• **EXERCISE OBJECTIVE**: In the listing that follows, find the line with "An early 20th", then copy exactly from it through the line with "11月1日下午,为庆祝客家村", leaving out every picture.

• **RECORDS PROVIDED**:
Start of Block

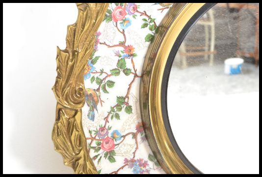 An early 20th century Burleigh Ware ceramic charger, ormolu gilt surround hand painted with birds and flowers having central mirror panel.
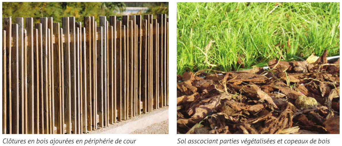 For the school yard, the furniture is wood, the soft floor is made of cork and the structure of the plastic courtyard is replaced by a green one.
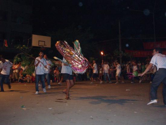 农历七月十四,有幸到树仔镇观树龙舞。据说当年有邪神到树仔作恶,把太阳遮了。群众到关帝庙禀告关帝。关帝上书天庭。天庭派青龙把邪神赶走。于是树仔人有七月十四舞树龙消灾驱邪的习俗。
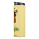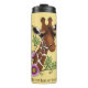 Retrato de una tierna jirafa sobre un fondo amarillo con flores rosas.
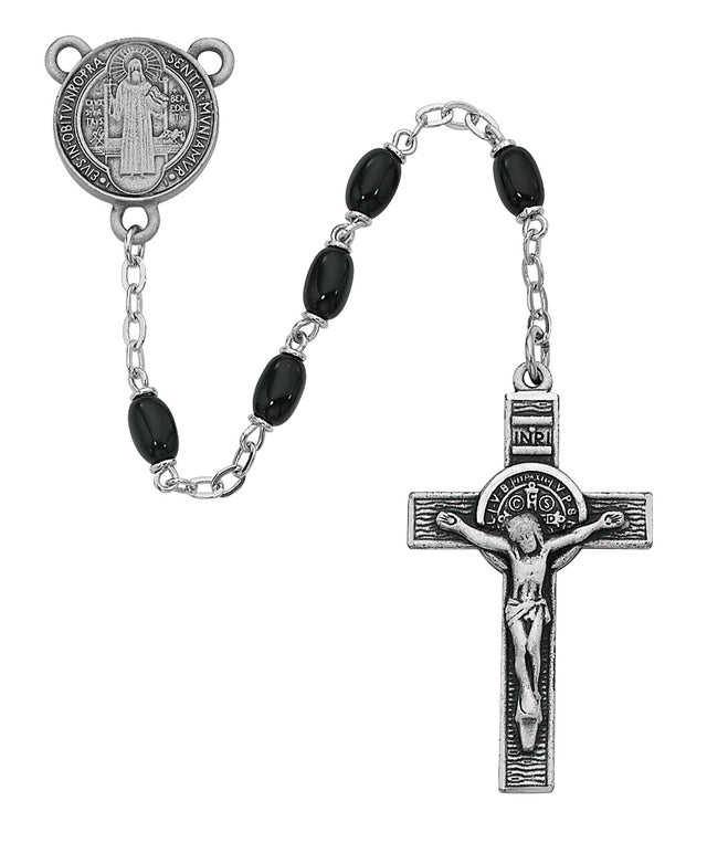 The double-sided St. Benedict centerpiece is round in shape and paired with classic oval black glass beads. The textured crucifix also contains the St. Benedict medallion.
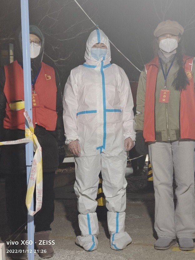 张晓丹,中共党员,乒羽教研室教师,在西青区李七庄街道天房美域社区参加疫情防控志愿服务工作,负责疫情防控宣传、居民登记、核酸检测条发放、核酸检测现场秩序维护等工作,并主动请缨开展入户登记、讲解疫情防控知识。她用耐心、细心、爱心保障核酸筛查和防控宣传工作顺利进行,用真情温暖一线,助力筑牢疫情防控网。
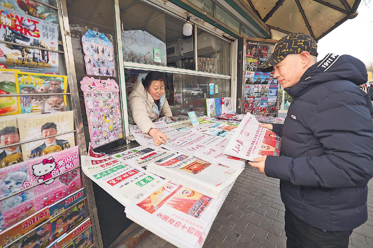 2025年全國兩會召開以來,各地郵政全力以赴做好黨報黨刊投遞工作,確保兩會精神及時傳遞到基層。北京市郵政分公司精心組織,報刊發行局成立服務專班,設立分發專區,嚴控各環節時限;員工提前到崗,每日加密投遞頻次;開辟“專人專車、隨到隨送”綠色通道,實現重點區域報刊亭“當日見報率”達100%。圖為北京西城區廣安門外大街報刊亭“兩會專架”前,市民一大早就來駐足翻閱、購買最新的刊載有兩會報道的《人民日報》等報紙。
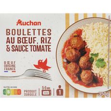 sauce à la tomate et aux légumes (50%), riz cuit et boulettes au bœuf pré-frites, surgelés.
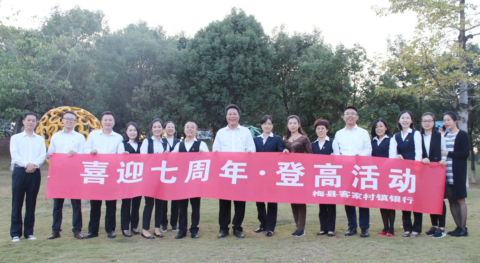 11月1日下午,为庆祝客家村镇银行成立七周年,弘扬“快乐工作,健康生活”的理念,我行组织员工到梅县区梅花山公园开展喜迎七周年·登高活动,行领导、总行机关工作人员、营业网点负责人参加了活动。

End of Block
Start of Block

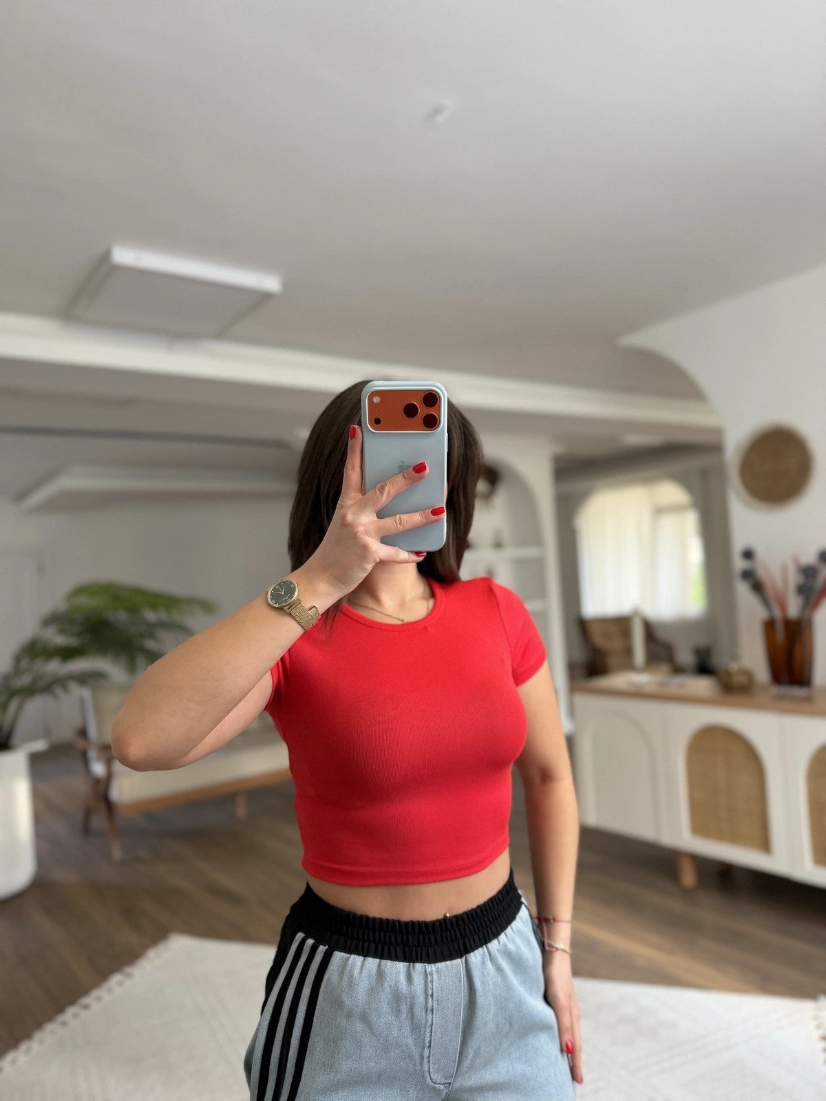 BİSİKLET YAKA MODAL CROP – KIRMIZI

End of Block

• **SOLUTION TO THIS PROBLEM**:
 An early 20th century Burleigh Ware ceramic charger, ormolu gilt surround hand painted with birds and flowers having central mirror panel.
 For the school yard, the furniture is wood, the soft floor is made of cork and the structure of the plastic courtyard is replaced by a green one.
 农历七月十四,有幸到树仔镇观树龙舞。据说当年有邪神到树仔作恶,把太阳遮了。群众到关帝庙禀告关帝。关帝上书天庭。天庭派青龙把邪神赶走。于是树仔人有七月十四舞树龙消灾驱邪的习俗。
 Retrato de una tierna jirafa sobre un fondo amarillo con flores rosas.
 The double-sided St. Benedict centerpiece is round in shape and paired with classic oval black glass beads. The textured crucifix also contains the St. Benedict medallion.
 张晓丹,中共党员,乒羽教研室教师,在西青区李七庄街道天房美域社区参加疫情防控志愿服务工作,负责疫情防控宣传、居民登记、核酸检测条发放、核酸检测现场秩序维护等工作,并主动请缨开展入户登记、讲解疫情防控知识。她用耐心、细心、爱心保障核酸筛查和防控宣传工作顺利进行,用真情温暖一线,助力筑牢疫情防控网。
 2025年全國兩會召開以來,各地郵政全力以赴做好黨報黨刊投遞工作,確保兩會精神及時傳遞到基層。北京市郵政分公司精心組織,報刊發行局成立服務專班,設立分發專區,嚴控各環節時限;員工提前到崗,每日加密投遞頻次;開辟“專人專車、隨到隨送”綠色通道,實現重點區域報刊亭“當日見報率”達100%。圖為北京西城區廣安門外大街報刊亭“兩會專架”前,市民一大早就來駐足翻閱、購買最新的刊載有兩會報道的《人民日報》等報紙。
 sauce à la tomate et aux légumes (50%), riz cuit et boulettes au bœuf pré-frites, surgelés.
 11月1日下午,为庆祝客家村镇银行成立七周年,弘扬“快乐工作,健康生活”的理念,我行组织员工到梅县区梅花山公园开展喜迎七周年·登高活动,行领导、总行机关工作人员、营业网点负责人参加了活动。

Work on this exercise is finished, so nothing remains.